EXERCISE BRIEF: Using only the entries below, copy exactly the lines that begin at the one with "Verre à boire" and end at the one with "2月15日8时至16日8时,内蒙古东北部", both included. Drop the pictures.
--- MATERIAL SHOWN Enclosed Below ---
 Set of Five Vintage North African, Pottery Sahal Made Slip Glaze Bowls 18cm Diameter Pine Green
--- End of Enclosed MATERIAL SHOWN ---
--- MATERIAL SHOWN Enclosed Below ---
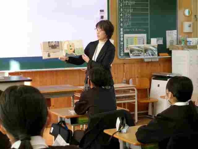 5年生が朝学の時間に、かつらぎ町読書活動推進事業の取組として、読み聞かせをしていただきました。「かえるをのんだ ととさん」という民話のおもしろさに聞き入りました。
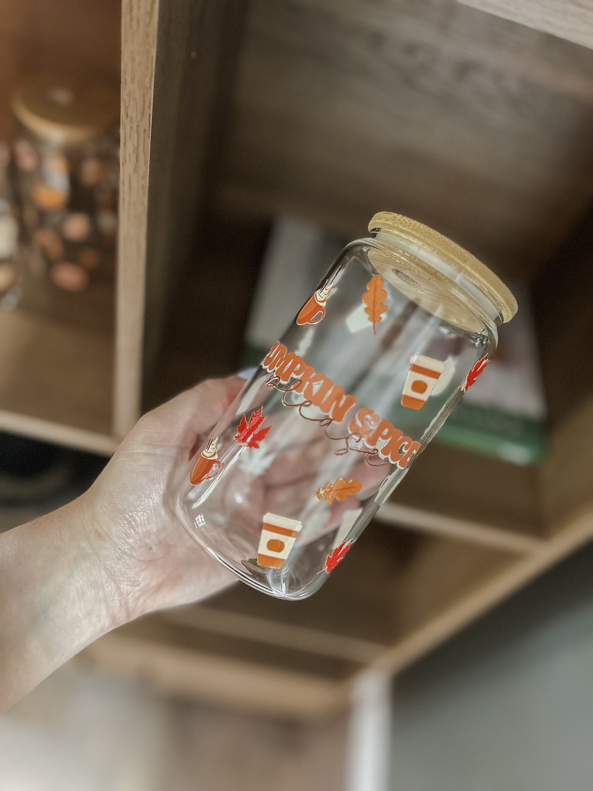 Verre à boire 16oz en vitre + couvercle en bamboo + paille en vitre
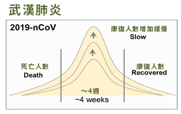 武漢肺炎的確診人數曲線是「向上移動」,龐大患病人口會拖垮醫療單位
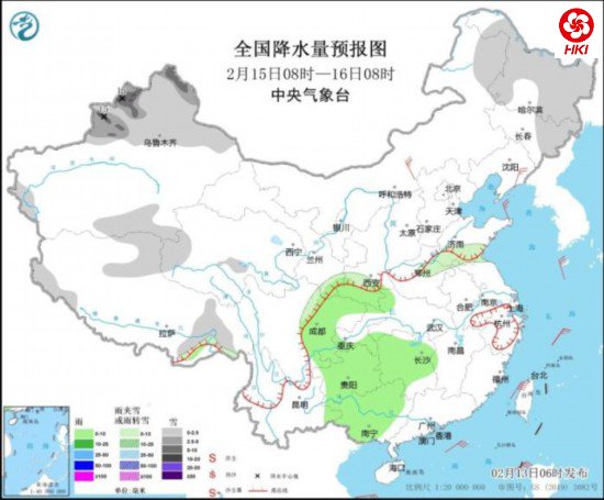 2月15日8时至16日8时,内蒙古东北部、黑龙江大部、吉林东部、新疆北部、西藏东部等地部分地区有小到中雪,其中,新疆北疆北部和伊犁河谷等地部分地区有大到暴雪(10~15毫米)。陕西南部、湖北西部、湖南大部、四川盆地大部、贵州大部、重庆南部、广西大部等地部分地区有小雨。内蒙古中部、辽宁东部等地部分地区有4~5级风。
--- End of Enclosed MATERIAL SHOWN ---
--- MATERIAL SHOWN Enclosed Below ---
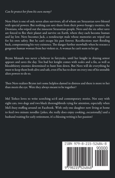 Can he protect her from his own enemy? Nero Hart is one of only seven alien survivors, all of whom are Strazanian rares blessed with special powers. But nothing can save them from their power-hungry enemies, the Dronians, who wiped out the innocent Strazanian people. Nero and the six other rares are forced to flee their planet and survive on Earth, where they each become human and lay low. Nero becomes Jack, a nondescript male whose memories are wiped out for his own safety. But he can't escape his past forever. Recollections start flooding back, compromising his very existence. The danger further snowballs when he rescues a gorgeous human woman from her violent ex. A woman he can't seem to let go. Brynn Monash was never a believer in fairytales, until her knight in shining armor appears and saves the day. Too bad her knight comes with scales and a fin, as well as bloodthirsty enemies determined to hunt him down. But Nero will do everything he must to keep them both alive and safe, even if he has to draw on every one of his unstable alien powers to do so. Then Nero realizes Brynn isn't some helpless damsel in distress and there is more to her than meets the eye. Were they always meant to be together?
--- End of Enclosed MATERIAL SHOWN ---
RESPONSE BOX:
 Verre à boire 16oz en vitre + couvercle en bamboo + paille en vitre
 武漢肺炎的確診人數曲線是「向上移動」,龐大患病人口會拖垮醫療單位
 2月15日8时至16日8时,内蒙古东北部、黑龙江大部、吉林东部、新疆北部、西藏东部等地部分地区有小到中雪,其中,新疆北疆北部和伊犁河谷等地部分地区有大到暴雪(10~15毫米)。陕西南部、湖北西部、湖南大部、四川盆地大部、贵州大部、重庆南部、广西大部等地部分地区有小雨。内蒙古中部、辽宁东部等地部分地区有4~5级风。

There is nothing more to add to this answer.